(Extracted data entries)
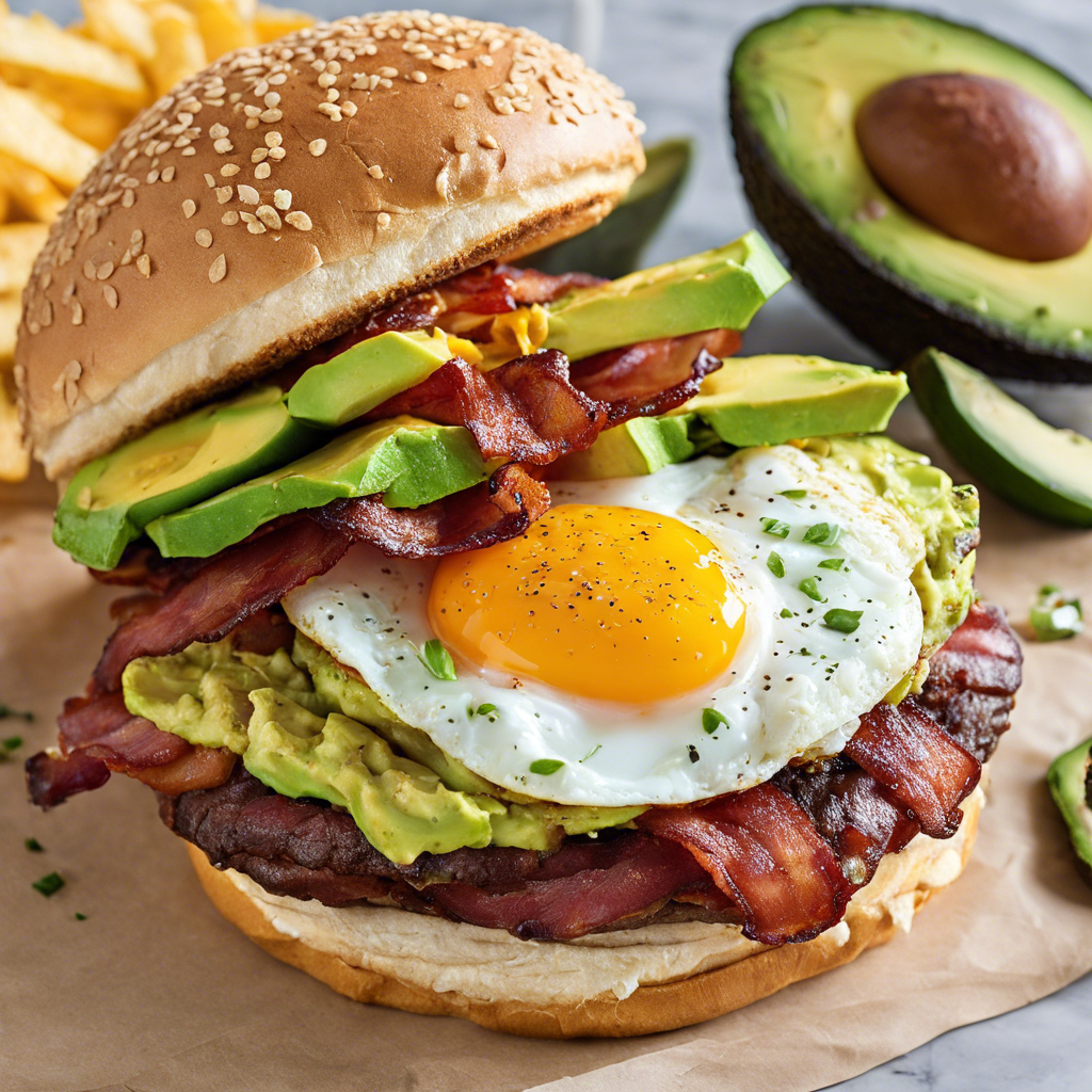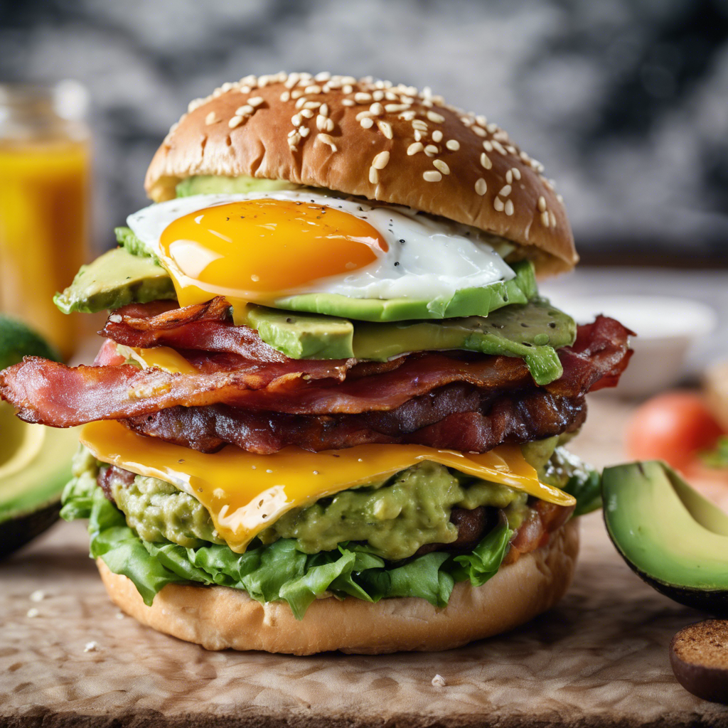 The Jumbo Bacon Avocado Burger with a fried egg on top is a mouthwatering creation that has become a beloved staple in the world of gourmet burgers. This indulgent dish features a juicy jumbo beef patty, crispy bacon, creamy avocado, and a perfectly fried egg, all nestled between a soft, toasted brioche bun. The history of this delectable burger can be traced back to the innovative chefs of Southern California, where the marriage of fresh, local ingredients and bold flavors gave birth to this iconic creation. Today, the best versions of this burger can be found in trendy burger joints and upscale eateries across the country. The key to perfecting this dish lies in sourcing high-quality ingredients and achieving the ideal balance of flavors and textures. Whether it's the sizzle of the bacon, the richness of the avocado, or the oozy yolk of the fried egg, every element plays a crucial role in creating a truly unforgettable dining experience. For those looking to put a unique spin on this classic, consider experimenting with alternative methods such as adding a spicy aioli or swapping the beef patty for a plant-based alternative. No matter the variation, the Jumbo Bacon Avocado Burger with a fried egg on top is sure to satisfy even the most discerning of burger enthusiasts.
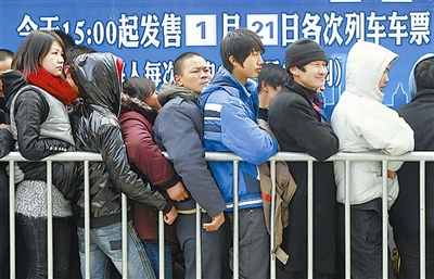 1月11日,旅客在上海火车站排队等候领取购票号牌。由于客流集中等原因,上海站发往云南、贵州、四川、黑龙江等方向的票源依然很紧张,不少购票者早上5点就前来排队。新华社记者 裴鑫 摄
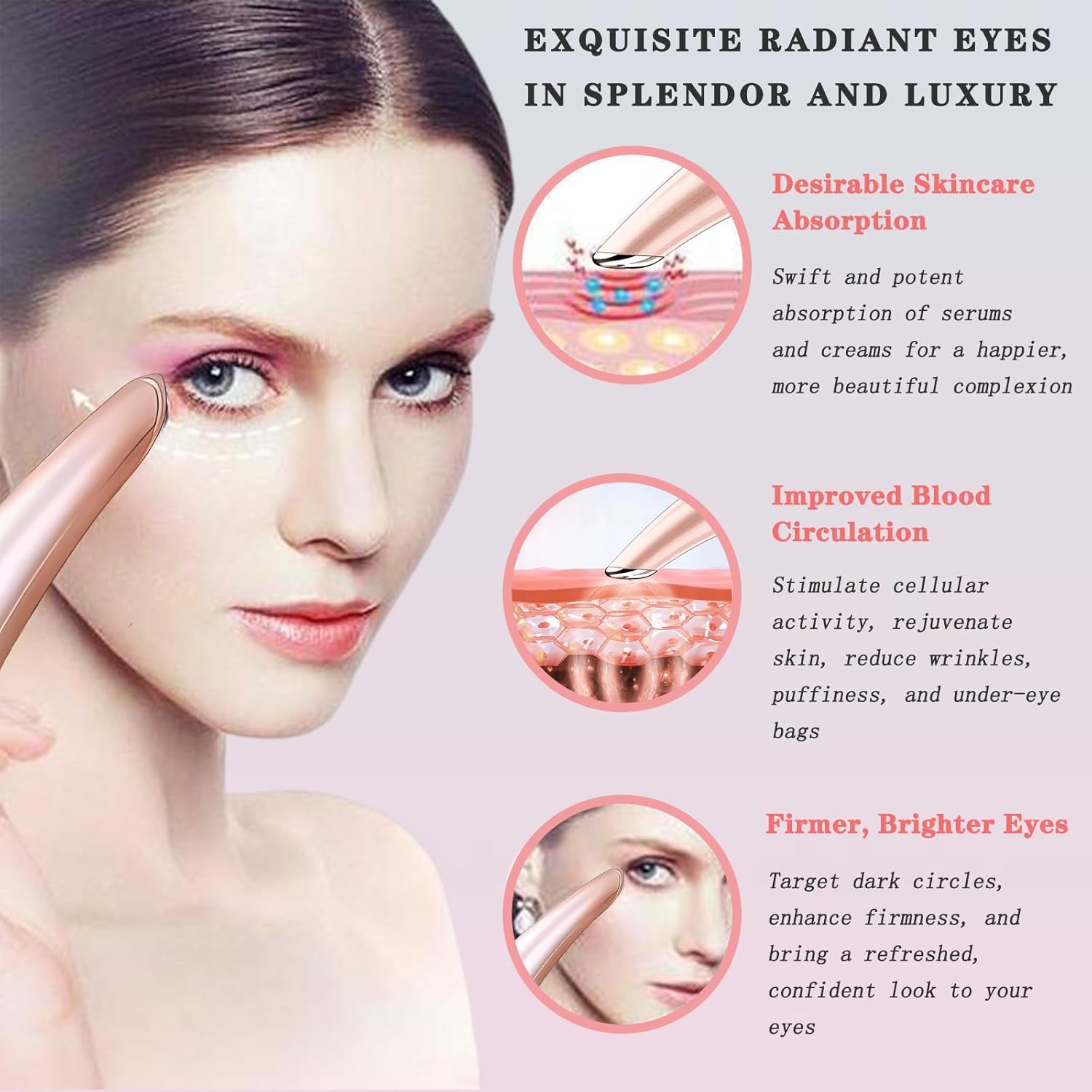 - 【Compact Design for Convenience】With its small and handy design, our rose gold eye massager wand for dark circles and puffiness is easy to carry and use anywhere, anytime. It's a portable solution to address your skin's needs on the go.
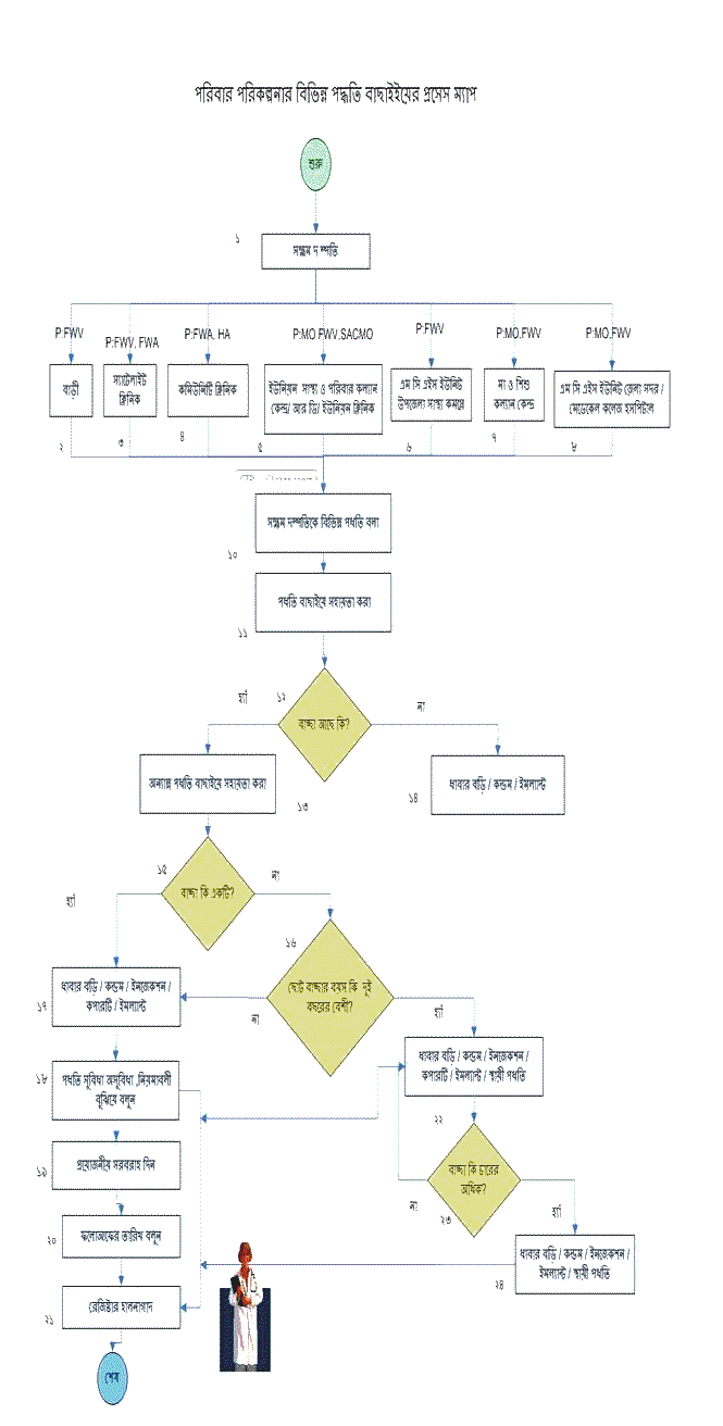 পরিবার পরিকল্পনার বিভিন্ন পদ্ধতি বাছাই এর ম্যাপ
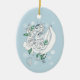White Dragon Roses Snowflakes Blue Ceramic Ornament

▶ **ASSIGNMENT**
Only an exact copy of the records, free of images, belongs in the answer.

▶ **EXERCISE SOLUTION**
 The Jumbo Bacon Avocado Burger with a fried egg on top is a mouthwatering creation that has become a beloved staple in the world of gourmet burgers. This indulgent dish features a juicy jumbo beef patty, crispy bacon, creamy avocado, and a perfectly fried egg, all nestled between a soft, toasted brioche bun. The history of this delectable burger can be traced back to the innovative chefs of Southern California, where the marriage of fresh, local ingredients and bold flavors gave birth to this iconic creation. Today, the best versions of this burger can be found in trendy burger joints and upscale eateries across the country. The key to perfecting this dish lies in sourcing high-quality ingredients and achieving the ideal balance of flavors and textures. Whether it's the sizzle of the bacon, the richness of the avocado, or the oozy yolk of the fried egg, every element plays a crucial role in creating a truly unforgettable dining experience. For those looking to put a unique spin on this classic, consider experimenting with alternative methods such as adding a spicy aioli or swapping the beef patty for a plant-based alternative. No matter the variation, the Jumbo Bacon Avocado Burger with a fried egg on top is sure to satisfy even the most discerning of burger enthusiasts.
 1月11日,旅客在上海火车站排队等候领取购票号牌。由于客流集中等原因,上海站发往云南、贵州、四川、黑龙江等方向的票源依然很紧张,不少购票者早上5点就前来排队。新华社记者 裴鑫 摄
 - 【Compact Design for Convenience】With its small and handy design, our rose gold eye massager wand for dark circles and puffiness is easy to carry and use anywhere, anytime. It's a portable solution to address your skin's needs on the go.
 পরিবার পরিকল্পনার বিভিন্ন পদ্ধতি বাছাই এর ম্যাপ
White Dragon Roses Snowflakes Blue Ceramic Ornament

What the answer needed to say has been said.